1. A system for predicting a success rate of pharmaceuticals comprising:

one or more processors; and

one or more computer-readable non-transitory storage media coupled to one or more of the processors and comprising instructions operable when executed by one or more of the processors to cause the system to: construct a training set using a data source; calculate a performance score and a robustness score of the training set based on selected features; select a random forest model based on the calculated performance and robustness scores; and calculate a toxicity score of the pharmaceuticals by applying the random forest model to a genome which is affected by the pharmaceuticals.

2. The system of claim 1, wherein the system is further configured to validate the toxicity score based on clinical trial data using the pharmaceuticals.

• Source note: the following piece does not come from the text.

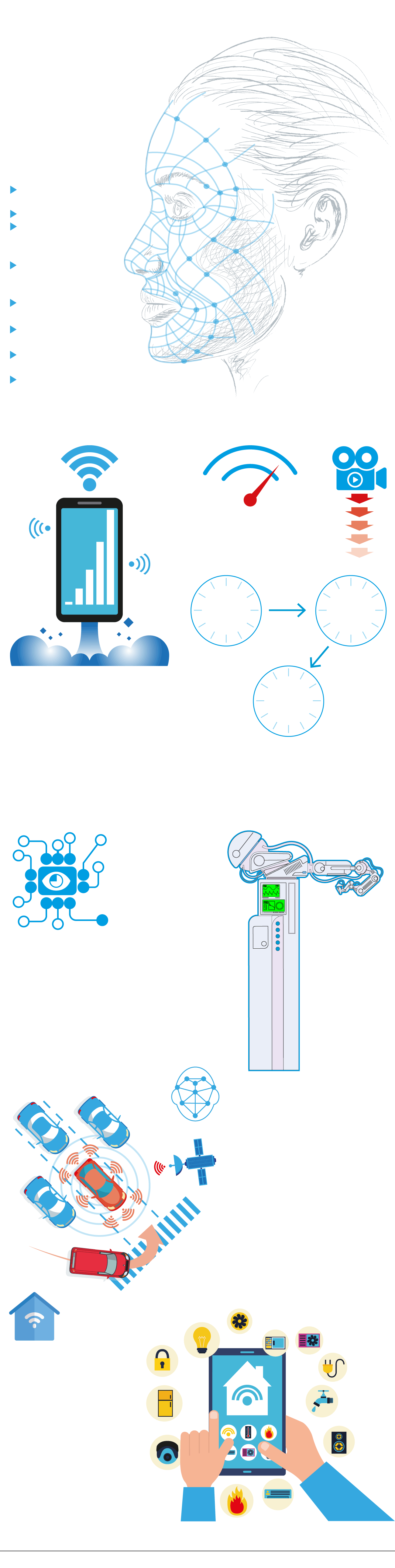 Todo tipo de dispositivos pueden conectarse a la red, no solo smartphones. Vehículos, robots industriales, mobiliario urbano (badenes, calzada, paradas de autobús) o cualquier dispositivo electrónico que tengamos en casa (desde la alarma alarma la lavadora, la nevera o el robot aspirador ) podrán conectarse y compartir información en tiempo real.

3. The system of claim 1, wherein the system is further configured to improve an accuracy of the random forest model by dynamically adding additional clinical trial data.

4. The system of claim 1, wherein the target feature comprises a mRNA expression, a tolerance to genetic variation, an interaction with a cellular regulatory network, and/or a downstream pathway.

5. The system of claim 1, wherein the pharmaceuticals comprises a small molecule, a drug, a protein, a peptide, a virus, an enzyme, and/or a nucleic acid drugs.

6. The system of claim 1, wherein the performance score is calculated based on a median Area Under Receive operating characteristic curve (AUROC).

7. The system of claim 6, wherein the median AUROC score is above about 0.6.

8. The system of claim 1, wherein the robustness is calculated based on absolute coefficients of two linear models.

9. The system of claim 1, wherein a higher score of the toxicity score represents a lower success rate of the pharmaceuticals.

10. The system of claim 1, wherein the data source comprises a SNOMED, a SIDER, a DrugBank, and/or an Aggregate Analysis of Clinical Trials (AACT) database.

11. A method for predicting a success rate of pharmaceuticals comprising:

constructing a training set using a data source;

calculating a performance score and a robustness score of the training set based on selected features;

selecting a random forest model the calculated performance and robustness scores; and

calculating a toxicity score of the pharmaceuticals by applying the random forest model to a genome which is affected by the pharmaceuticals.

12. The method of claim 11, further comprising validating the toxicity score based on clinical trial data using the pharmaceuticals.

13. The method of claim 11, further comprising improving an accuracy of the random forest model by dynamically adding additional clinical trial data.

14. The method of claim 11, wherein the target feature comprises a mRNA expression, a tolerance to genetic variation, an interaction with a cellular regulatory network, and/or a downstream pathway.

15. The method of claim 11, wherein the pharmaceuticals comprises a small molecule, a drug, a protein, a peptide, a virus, an enzyme, and/or a nucleic acid drugs.

16. The method of claim 11, wherein the performance score is calculated based on a median Area Under Receive operating characteristic curve (AUROC).

17. The method of claim 16, wherein the median AUROC score is above about 0.6.

18. The method of claim 11, wherein the robustness is calculated based on absolute coefficients of two linear models.

19. The method of claim 11, wherein a higher score of the toxicity score represents a lower success rate of the pharmaceuticals.

20. The method of claim 11, wherein the data source comprises a SNOMED, a SIDER, a DrugBank, and/or an Aggregate Analysis of Clinical Trials (AACT) database.